Hence with a height of, say, 174:

\[\begin{align*} \text{log-odds of being female} &= -0.68608 \\ \Pr(Y=\text{female} \mid X=174) &= \dfrac{e^{45.75626 + -0.26691 (174)}} {1+ e^{45.75626 + -0.26691 (174)}}\\ &= 0.3349057 \end{align*}\]

We could find this using the predict() function. You have two ways of specifying the type of prediction (as determined by the type argument in predict.glm; see ?predict.gml for details):

  1. The default is on the scale of the linear predictors; Thus for a logistic regression default predictions are of log-odds value for the new data point, which represents the natural logarithm of the odds that the observation belongs to the positive class.
  2. the alternative type = "response" is on the scale of the response variable. Thus for logistic regression, type = "response" gives the predicted probabilities.
# returns the log-odds of being a female
predict(simlog, newdata = data.frame(Height = 174))
         1 
-0.6866771 
# returns the probability of being a female 
predict(simlog, newdata = data.frame(Height = 174), type = "response")
        1 
0.3347727
Warning

The predict function will not work unless your data is stored in a data frame with column names that match the variables used in training your logistic regression model.

# WRONG ways to specify 'newdata' (will produce an error)
predict(simlog, newdata = 174, type = "response")

Since we will be reusing this data, let’s save it to an object:

newdata1 <- data.frame(Height = 174)

To convert the above probability into a classification, simply map observations to whichever class for which it has the highest probability of belonging. In our case \[ \begin{align} \Pr(Y = \text{female} \mid X = 174) &= 0.3347727\\ \implies \Pr(Y = \text{male} \mid X = 174) &= 1 - 0.3347727 \\ &= 0.6652273 \end{align} \]
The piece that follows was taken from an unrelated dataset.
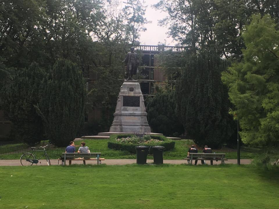 We komen via een klein straatje weer op de gracht Rapenburg welke overgaat in Steenschuur. Marleen besluit de route te vervolgen op het Steenschuur, ik besluit nog een rondje door het Van der Werff park eraan vast te plakken. Ik ren door het park langs het beeld van Pieter Adriaansz. van der Werff, de bekende burgemeester van Leiden tijdens het Beleg van Leiden. Bijna iedereen is wel een beetje bekend met het verhaal van het Leidens Ontzet en de jaarlijkse viering hiervan op 3 oktober.
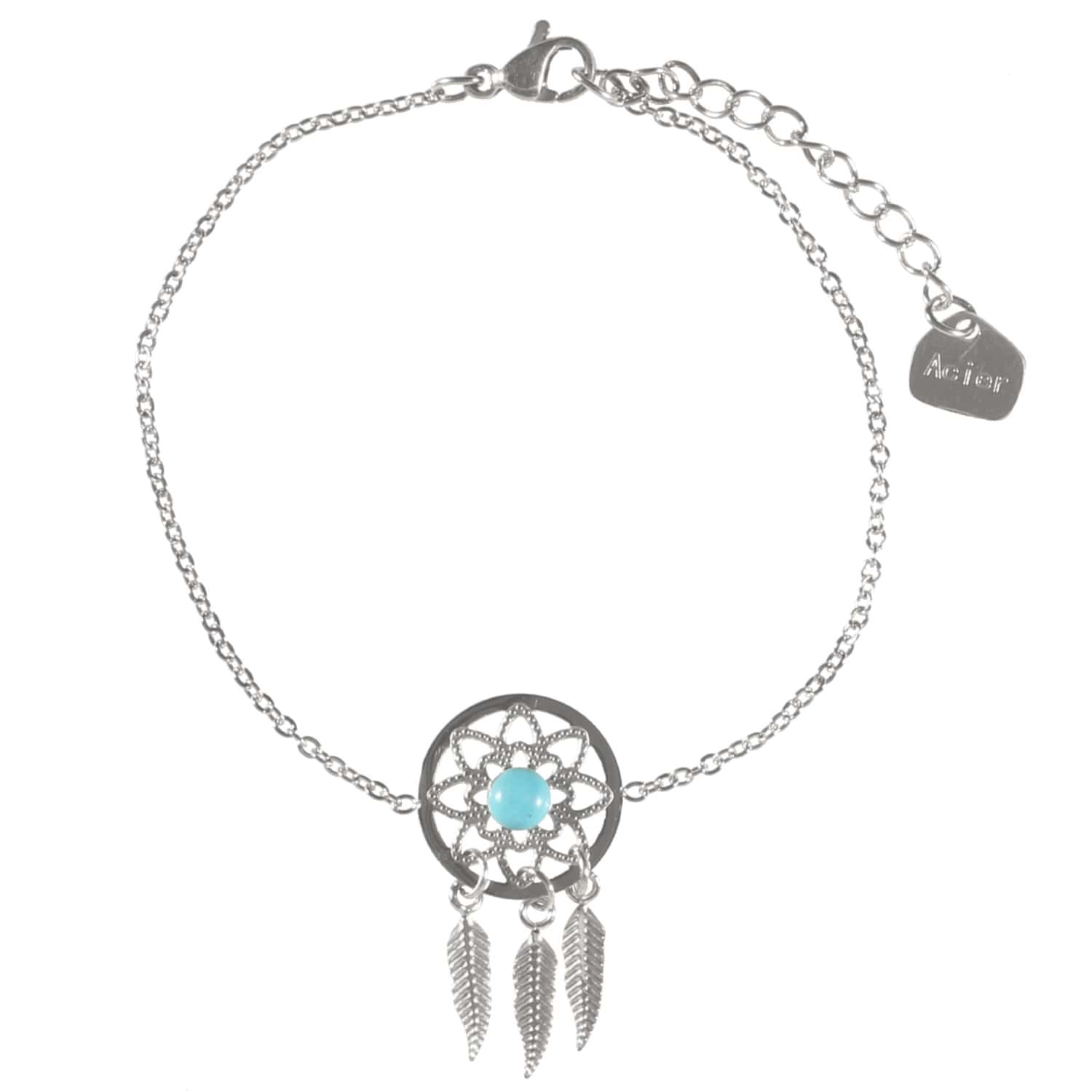 Description Bracelet avec attrape-rêve et trois plumes en acier argenté et pierre d'imitation turquoise. Fermoir mousqueton en acier argenté avec rallonge de 3 cm. Cliquez sur une matière, un thème, une couleur ou une collection pour voir tous les articles associés.

Since a person with the height of 174 has a higher probability of being male than female, the observation is predicted to be male.

Important

Recall: the output of logistic regression is \(\Pr(Y = 1\mid x)\). Therefore, for binary response variables (\(y = 1\) or \(y = 0\)) any observations with predicted probability greater that 0.5 are classified as class 1.

Classification Performance

Test Error

To evaluate the performance of our logistic regression model, we compute the test error by applying the model to the test set, predicting the class labels for each observation, and comparing these predictions to the actual class labels. The test error reflects how well the model generalizes to new, unseen data.

To calculate the test error in R:

  1. Predict probabilities for the test set using the trained model.
  2. Convert probabilities to class predictions using a threshold (typically 0.5 for binary classification).
  3. Compare the predictions to the true class labels and calculate the error rate.

Step 1: Predict probabilities for the test set

We first predict the probabilities of the test set observations belonging to the female class.

# Predict probabilities (of being female) on the test set
pred.prob <- predict(simlog, newdata = test_data, type = "response")

pred_gender <- factor(pred.prob>0.5, levels= c(FALSE, TRUE), labels=c("male", "female"))
y = test_data$Gender
# see the first 10:
head(cbind(pred_gender, y))
    pred_gender y
20            1 1
228           2 1
334           2 2
205           1 1
503           1 2
42            2 1

Step 2: Convert probabilities to class predictions

Next, we classify each observation as either class female or male using a threshold of 0.5. In other words, if the \(\Pr(Y_i = \text{female} \mid x_i) > 0.5\) then \(x_i\) is classified as female, otherwise, male.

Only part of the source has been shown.